# Ethernet slow one way?



## zaxcom (Jul 12, 2003)

I have three Macs connected together using a linksys router. Mac 1 and Mac 2 talk to each other just fine and exchange files at about 82Mbps. But Mac 3 has an issue. It is an older 333iMac. When I send files to it I get a consistent 62Mbps, which is fine considering the 5400RPM drive and 66Mhz bus.

But when I try to get files from the iMac it creeps. Maybe 5 or 6Mbps and lots of stalls and hesitation.

I tried using a different port on the router and had no effect. The 100Mbps light on the router is on for all ports.

All three machines are running OSX 10.2.6

Any ideas?

Thanks

Zax


----------



## Cheryl (Jul 13, 2003)

It could be a number of things.  Check the ethernet cable. It could be damaged or old - old things do break down and run slow (hehehe).  A new ethernet - or a even shorter length may improve things. 

Second idea could be that the older Mac is just slower in processing, you may need more memory installed to speed things up. Or you just need to run a Disk Utility on the machine. Drive 10 is a good one. Do not use Norton on OS X.


----------



## Zammy-Sam (Jul 13, 2003)

Well, it has definitly nothing to do with your cable. There is no seperated line for upload and download. Fullduplex is using the same line just different timing for up and download. And since you can send files to that one with 62Mbps...
And obviously your system can handle the fast data-transfer. It's a weird problem. Is there any way to check out some kind of advanced options of network-devices and compare? Options like duplex, protocol, timing... I know those from pc.
And one more idea. If you have still some more ports free on your router, try another plug. in worst case I would try to connect two systems directly (without router) and see, how your rates look like. If they are fine, it has something to do with your router.
Let us know


----------



## zaxcom (Jul 14, 2003)

I have three Macs connected together using a linksys router. Mac 1 and Mac 2 talk to each other just fine and exchange files at about 82Mbps. But Mac 3 has an issue. It is an older 333iMac. When I send files to it I get a consistent 62Mbps, which is fine considering the 5400RPM drive and 66Mhz bus. 

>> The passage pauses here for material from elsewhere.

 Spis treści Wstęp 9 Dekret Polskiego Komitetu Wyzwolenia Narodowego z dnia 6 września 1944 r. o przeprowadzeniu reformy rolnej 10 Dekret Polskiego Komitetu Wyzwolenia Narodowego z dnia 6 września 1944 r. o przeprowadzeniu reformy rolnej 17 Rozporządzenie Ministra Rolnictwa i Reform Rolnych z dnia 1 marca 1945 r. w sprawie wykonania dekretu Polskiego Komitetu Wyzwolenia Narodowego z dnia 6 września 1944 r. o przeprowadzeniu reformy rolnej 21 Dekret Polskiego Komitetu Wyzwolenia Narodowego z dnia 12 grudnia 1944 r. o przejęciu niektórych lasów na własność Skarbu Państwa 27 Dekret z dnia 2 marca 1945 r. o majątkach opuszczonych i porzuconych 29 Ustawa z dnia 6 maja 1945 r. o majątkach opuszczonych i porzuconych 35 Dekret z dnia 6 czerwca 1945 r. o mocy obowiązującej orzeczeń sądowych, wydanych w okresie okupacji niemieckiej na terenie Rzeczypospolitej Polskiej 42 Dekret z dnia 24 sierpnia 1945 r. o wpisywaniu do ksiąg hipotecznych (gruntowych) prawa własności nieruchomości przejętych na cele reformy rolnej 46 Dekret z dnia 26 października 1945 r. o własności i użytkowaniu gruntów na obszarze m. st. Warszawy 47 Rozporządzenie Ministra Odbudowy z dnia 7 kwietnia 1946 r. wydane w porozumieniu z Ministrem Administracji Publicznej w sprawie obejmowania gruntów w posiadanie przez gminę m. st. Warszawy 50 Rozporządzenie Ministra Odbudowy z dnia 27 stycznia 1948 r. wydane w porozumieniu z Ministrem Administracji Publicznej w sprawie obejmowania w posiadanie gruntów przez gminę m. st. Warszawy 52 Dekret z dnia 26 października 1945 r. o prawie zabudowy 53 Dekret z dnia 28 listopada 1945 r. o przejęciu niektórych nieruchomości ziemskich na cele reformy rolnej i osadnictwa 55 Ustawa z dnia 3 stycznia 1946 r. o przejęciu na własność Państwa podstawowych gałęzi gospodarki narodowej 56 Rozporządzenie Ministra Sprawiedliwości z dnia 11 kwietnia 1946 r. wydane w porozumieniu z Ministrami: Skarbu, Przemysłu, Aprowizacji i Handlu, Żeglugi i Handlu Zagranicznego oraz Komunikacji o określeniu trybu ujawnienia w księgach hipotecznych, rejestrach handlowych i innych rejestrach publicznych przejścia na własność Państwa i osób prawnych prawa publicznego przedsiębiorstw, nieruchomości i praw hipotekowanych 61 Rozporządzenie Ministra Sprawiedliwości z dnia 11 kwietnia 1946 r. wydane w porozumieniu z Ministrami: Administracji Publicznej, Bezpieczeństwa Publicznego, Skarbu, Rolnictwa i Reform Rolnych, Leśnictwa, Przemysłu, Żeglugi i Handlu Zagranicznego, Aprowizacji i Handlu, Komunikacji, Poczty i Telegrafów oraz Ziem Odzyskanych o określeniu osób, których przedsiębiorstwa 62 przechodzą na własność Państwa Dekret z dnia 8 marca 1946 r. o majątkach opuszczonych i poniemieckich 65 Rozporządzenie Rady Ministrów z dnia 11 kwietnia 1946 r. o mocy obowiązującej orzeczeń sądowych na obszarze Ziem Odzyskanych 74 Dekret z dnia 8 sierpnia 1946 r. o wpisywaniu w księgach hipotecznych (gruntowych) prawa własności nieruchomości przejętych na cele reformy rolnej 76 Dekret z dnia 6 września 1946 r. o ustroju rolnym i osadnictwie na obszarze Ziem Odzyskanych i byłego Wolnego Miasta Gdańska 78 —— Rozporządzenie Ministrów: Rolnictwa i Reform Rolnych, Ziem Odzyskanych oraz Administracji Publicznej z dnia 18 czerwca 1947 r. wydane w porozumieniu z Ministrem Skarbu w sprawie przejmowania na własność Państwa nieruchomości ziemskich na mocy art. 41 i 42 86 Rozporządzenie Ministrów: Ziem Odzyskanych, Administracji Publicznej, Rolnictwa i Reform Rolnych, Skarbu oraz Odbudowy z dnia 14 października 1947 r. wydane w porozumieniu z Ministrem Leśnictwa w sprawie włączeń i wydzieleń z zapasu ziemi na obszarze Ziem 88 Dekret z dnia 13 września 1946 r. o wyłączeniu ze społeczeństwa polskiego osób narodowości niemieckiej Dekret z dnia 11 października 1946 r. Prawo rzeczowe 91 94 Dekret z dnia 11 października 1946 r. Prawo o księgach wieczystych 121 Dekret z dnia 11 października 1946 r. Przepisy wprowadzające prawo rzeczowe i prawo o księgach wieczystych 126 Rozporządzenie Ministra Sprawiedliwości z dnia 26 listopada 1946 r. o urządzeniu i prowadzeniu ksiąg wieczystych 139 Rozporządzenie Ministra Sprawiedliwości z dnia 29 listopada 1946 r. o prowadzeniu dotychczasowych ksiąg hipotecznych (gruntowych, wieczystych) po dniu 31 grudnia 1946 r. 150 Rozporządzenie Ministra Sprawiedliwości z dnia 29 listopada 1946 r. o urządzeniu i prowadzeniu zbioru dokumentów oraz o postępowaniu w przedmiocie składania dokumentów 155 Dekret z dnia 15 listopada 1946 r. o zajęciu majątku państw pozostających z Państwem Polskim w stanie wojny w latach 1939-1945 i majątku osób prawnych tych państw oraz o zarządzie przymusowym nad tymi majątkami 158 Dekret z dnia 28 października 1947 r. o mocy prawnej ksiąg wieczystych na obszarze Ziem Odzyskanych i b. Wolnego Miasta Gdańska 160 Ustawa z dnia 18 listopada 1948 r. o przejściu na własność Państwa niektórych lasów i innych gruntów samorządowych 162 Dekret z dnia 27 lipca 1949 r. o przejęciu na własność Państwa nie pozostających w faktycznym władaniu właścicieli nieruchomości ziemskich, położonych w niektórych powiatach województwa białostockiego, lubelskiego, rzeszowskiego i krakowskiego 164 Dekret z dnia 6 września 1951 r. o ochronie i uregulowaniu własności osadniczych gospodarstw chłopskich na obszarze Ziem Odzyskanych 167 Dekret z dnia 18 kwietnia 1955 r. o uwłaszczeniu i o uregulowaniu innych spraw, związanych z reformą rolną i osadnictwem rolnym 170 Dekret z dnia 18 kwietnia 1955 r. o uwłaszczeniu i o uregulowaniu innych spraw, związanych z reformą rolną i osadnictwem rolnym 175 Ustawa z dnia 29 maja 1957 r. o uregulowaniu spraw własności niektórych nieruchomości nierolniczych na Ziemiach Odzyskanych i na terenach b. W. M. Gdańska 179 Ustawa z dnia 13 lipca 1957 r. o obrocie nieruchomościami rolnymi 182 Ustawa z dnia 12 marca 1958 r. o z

But when I try to get files from the iMac it creeps. Maybe 5 or 6Mbps and lots of stalls and hesitation. 

I tried using a different port on the router and had no effect. The 100Mbps light on the router is on for all ports. 

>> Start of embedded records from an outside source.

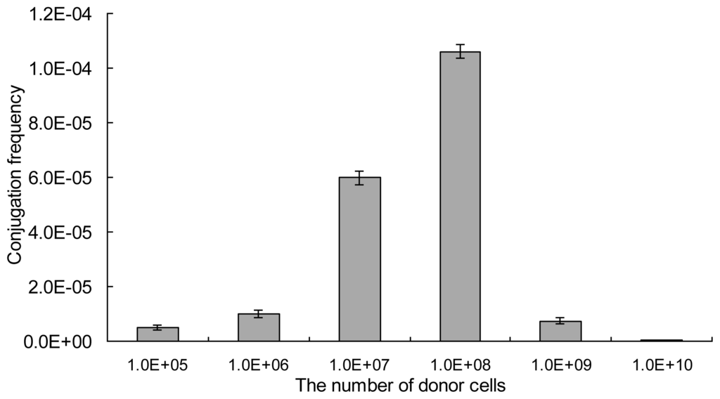 The ratio of donor cell numbers and recipient mycelia was a crucial parameter in the intergeneric conjugation of streptomycetes [29]. A stationary volume of 0.5 mL of mycelia suspension on third day and a range of E. coli donor cells (105–1010) were tested. As shown in Figure 4, few exconjugants were obtained when the number of donor cells was less than 106. The conjugation frequency significantly increased with increasing number of donor cells. When the number of the donor cells was up to 108, the conjugation frequency reached the highest frequency of 1.1 × 10−4. And this indicated that 108 of donor cells were optimal for the intergeneric conjugation from E. coli to S. lincolnensis mycelia. Similar results had been observed in the study of actinomycete Kitasatosporasetae, where a certain number of donor cells was required to achieve the highest frequency [25].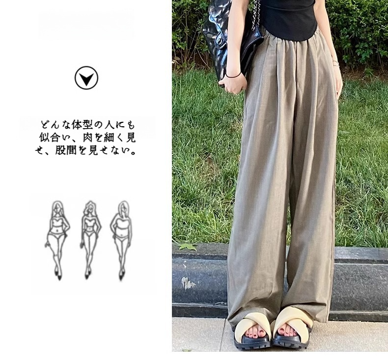 薄手で通気性の良い綿麻ワイドパンツ女性用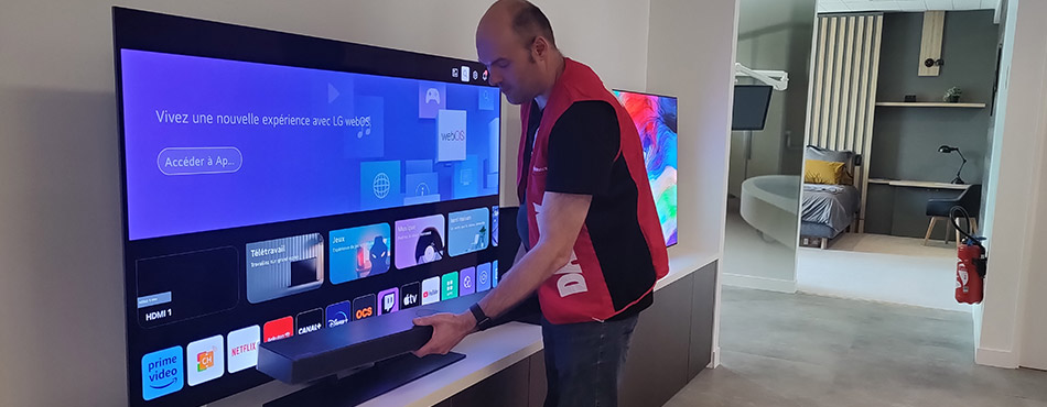 Cette barre peut bien sûr s’utiliser avec n’importe quelle TV mais vous pourrez en tirer la quintessence si vous l’associez avec une TV OLED LG C2 ou C3. En effet, LG fournit un support qui se fixe au téléviseur afin de la disposer à une place idéale sur pied ou même en installation murale sans avoir à faire de trous supplémentaires.

All three machines are running OSX 10.2.6 

Any ideas? 

Thanks 

Zax


----------



## Zammy-Sam (Jul 14, 2003)

didn't you post it before or is it just a deja vu I got?


----------



## Ripcord (Jul 14, 2003)

If you run "netstat -s | grep retransmitted" in the iMac, do you see a large number of packets retransmitted?  If you check immediately before starting a copy and again as soon as it ends, oes the number increase quite a bit?  How much?

Rip


----------



## Ripcord (Jul 14, 2003)

Otherwise, can you give more details?  Any idea how you're transferring files?  AFP?  CIFS?  What happens if you try FTP?


----------



## zaxcom (Jul 14, 2003)

Yes, when I try to send the file from the imac to the other machines I get a very high number of retransmitted packets. But when I put the files onto the imac i do not get that problem.

I am connecting using file sharing. Appletalk is turned off.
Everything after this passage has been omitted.